Zinc inhibits inflammatory response in vivo.
(A) Immunoblotting analysis of the indicated proteins in WT and Slc30a1−/− iBMDM cells pretreated with LPS (1 μg/mL) for 3 h, followed by ATP (2.5 mM) for 3 h or Salmonella Typhimurium (MOI = 5) for 1 h. L + A, LPS + ATP; L + S, LPS + S. Typhimurium. (B and C) Immunoblotting analysis of the indicated proteins in WT iBMDM cells pretreated with LPS (1 μg/mL) for 3 h and the indicated concentration of ZnCl2 for 1 h in turn, followed by ATP (5 mM) (B) for 3 h or Salmonella Typhimurium (MOI = 10) (C) for 1 h. (D) Survival of the mice (n = 8) pretreated (i.n.) with saline or ZnCl2 (2 mg Zn/kg) for 24 h, followed by cecal ligation and puncture operation. Survival curves were compared using Mantel-Cox test. (E) IL-1β, IL-18, IL-6 and TNF-α concentration of sera from the mice pretreated (i.n.) with saline or ZnCl2 (2 mg Zn/kg) for 24 h, followed by cecal ligation and puncture operation. Blood samples were collected at 6 h after the operation. Data are the mean ± SD (n = 4). Student’s t-test was used to analyze data. N.S., not significant, p > 0.05; *p < 0.05; **p < 0.01. (F) Survival of the mice (n = 6) pretreated (i.p.) with vehicle (5% DMSO + 95% saline), VX-765 (25 mg/kg), z-VAD-FMK (25 mg/kg) or ZnCl2 (2 mg Zn/kg) for 24 h, followed by LPS (30 mg/kg) injection (i.p.). Survival curves were compared using Mantel-Cox test. (G) IL-1β and IL-18 concentration of sera from the mice pretreated (i.p.) with vehicle (5% DMSO + 95% saline), VX-765 (25 mg/kg), z-VAD-FMK (25 mg/kg) or ZnCl2 (2 mg Zn/kg) for 24 h, followed by LPS (30 mg/kg) injection (i.p.). Blood samples were collected at 12 h after the injection. Data are the mean ± SD (n = 6). ANOVA test was used to analyze data. *p < 0.05; **p < 0.01; ****p < 0.0001.
Fig 7.
Zinc homeostasis regulates autoimmune diseases.

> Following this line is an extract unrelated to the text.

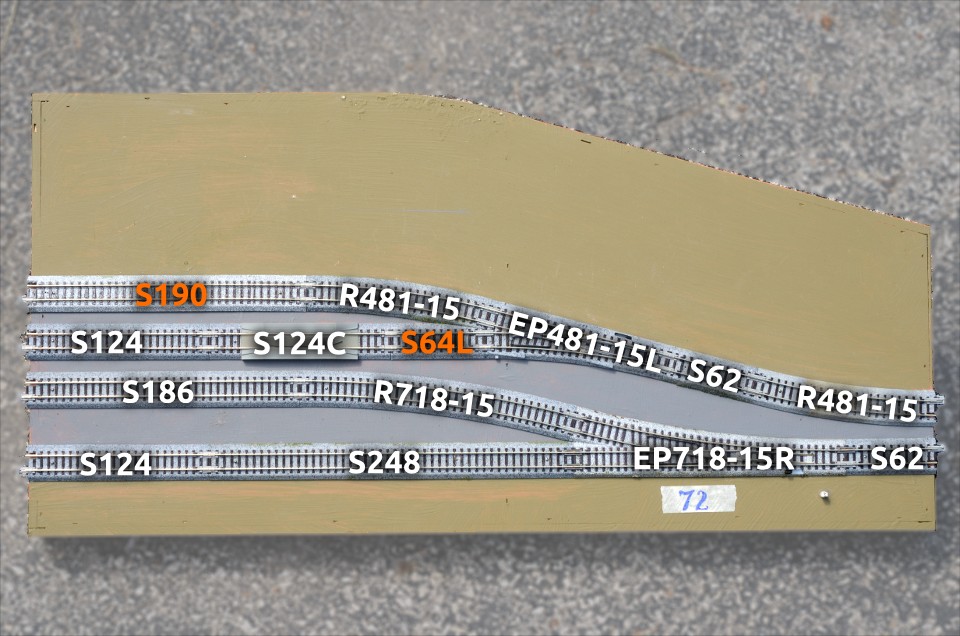 Each end module has two custom-cut pieces of Unitrack. The S64L seen here (and the S64R on the opposite module) are regular S64 straight sections with one corner of the roadbed sliced off for clearance at the turnout end. Kato’s #4 turnouts come with a S60R and a S60L in the package; this is a slightly longer version of that. The S190 has been cut down from a S248. (I could have filled the space with S62 + S64 + S64, if I liked the gratuitous use of rail joiners, which I don’t.) Shortening a piece of Unitrack is not as hard as it looks. Mike Fifer has nicely documented the procedure. I made a Unitrack miter box out of scrap wood, which makes it even easier.

(A) Photographs of the control (Con) and Zn-insufficient (-Zn) psoriasis mice with scaling skin. Scale bar, 5 mm. (B) PASI score of the control (Con) and Zn-insufficient (-Zn) psoriasis mice. Higher score indicates severer symptoms. Data are the mean ± SD (n = 4). Student’s t-test was used to analyze data. N.S., not significant, p > 0.05; *p < 0.05; **p < 0.01. (C) Photographs of the control (Con) and Zn-rich (+Zn) psoriasis mice with scaling skin. Scale bar, 5 mm. (D) PASI score of the control (Con) and Zn-rich (+Zn) psoriasis mice. Higher score indicates severer symptoms. Data are the mean ± SD (n = 4). Student’s t-test was used to analyze data. N.S., not significant, p > 0.05; *p < 0.05. (E) Immunoblotting analysis of the indicated proteins in the brain from the control (Con) and Zn-rich (+Zn) APP/PS1 mice (n = 4). (F) Glycine silver staining for the brain from the control (Con) and Zn-rich (+Zn) APP/PS1 mice. The axons were pointed by black arrows. Scale bar, 100 μm. (G) Axonal density of brains from the control (Con) and Zn-rich (+Zn) APP/PS1 mice. Data are the mean ± SD (n = 3). Student’s t-test was used to analyze data. **p < 0.01. (H and I) Quantification of latency to platform during the training phase (H) and percentage of time spent in the target quadrant during the probe test (I) by Morris water maze test of the control (Con) and Zn-rich (+Zn) APP/PS1 mice. Data are the mean ± SD (n = 6). Student’s t-test was used to analyze data. *p < 0.05.